Don Salvador Paredes, que era el secretario de actas de la filial, tuvo la idea de hablarle a don Lencho Colindres, para que pusiera su marimba como colaboración, pues estaba seguro de que la gente, por la mera tarde, se reuniría frente a la comandancia para enterarse de como andaba el asunto de la bulla. Y no se equivocó, pues cuando se principiaban a ver las estrellas, había como quinientas personas en los corredores de la escuela, esperando que llegaran los directivos de la filial. Al asomarse la marimba, sacaron unos escritorios de las aulas y armaron una tarima frente a la comandancia, para escuchar a los que tomaran la palabra.
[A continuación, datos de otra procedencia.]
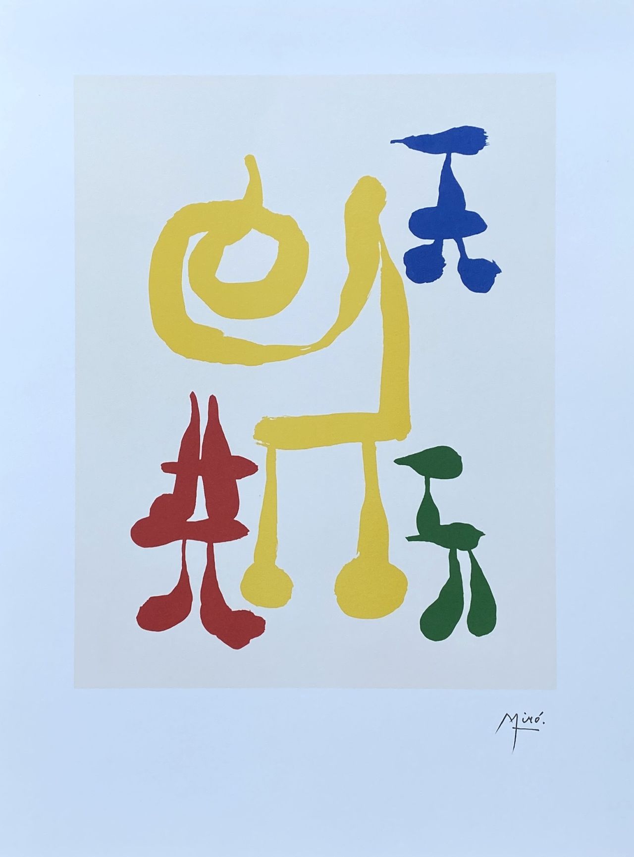 Miró discovers cubism and fauvism in Paris where he lives in 1920 and meets up with Pablo Picasso, André Masson and dadaïst members, before he become a member of surrealism. He completes his series of "Constellations" (1940-1941) at Palma de Mallorca where he stays in 1956. In 1942, he comes back to Barcelona then to United States five years later and begins monumental painting ("Composition with ropes", 1950, Eindhoven). From years 1960, his paintings show a new space research, often monochrom ("Blue I, II, III", 1961). His latest works are monumental statues for Chicago (1981), Houston and Barcelona (1982). The artist died in Palma de Mallorca in 1983.

El primero que lo hizo, anunciado por don Tono Alfaro, fue el profesor Héctor Arévalo, quien, utilizando un cartón como bocina, dijo que la libertad había llegado; y se le hinchó el cuello y las arterias se le saltaron cuando gritó: ¡Muera la dictadura y viva la revolución!  Entonces la marimba se soltó con un paso doble, entre los gritos y vivas del gentío que ya pasaba de mil. Y era tal el entusiasmo y la alegría, que ninguno se percató que en la oscuridad del corredor de la comandancia estaban los soldados esperando órdenes para disparar. En eso se vio la silueta del capitán, quien, escuadra en mano, dijo a voz en cuello: ¡No ha caído Ponce hijos de la gran puta! Y entonces ordenó la primera descarga de fusilería.

Como la gente no se movió, ordenó la segunda y esta vez los tiros pasaron rosando las cabezas. En ese instante sí fue el desparpajo de todos, saliendo en carrera por calles y callejones, mientras unos cuantos se escondieron entre los negocios del mercado. La marimba se mantuvo en pie; pero, el violón cayó al suelo y le pasaron encima botas, zapatos y caites, quedando solo las clavijas, las cuerdas y el puente que las sostiene. Esa misma noche, cuando todo estaba en silencio, se supo la mera verdad, pues el capitán recibió la orden de entregar el mando a la guardia cívica. Entonces, a la mañana del 21, metió su uniforme y su cachucha en un morral y se fue a una esquina a esperar la camioneta.

Por la mañana se celebró el primer cabildo abierto en la historia municipal de este pueblo, y el asunto que se trató fue que se le diera una limosna al teniente para que se fuera hasta el lejano municipio de El Rodeo, de donde era oriundo, pues no tenía ni para el pasaje. Todos los vecinos, muy humanitarios, estuvieron de acuerdo; pero, con una condición: Que solo lo dejaran ir si pagaba el valor del violón de don Lencho Colindres.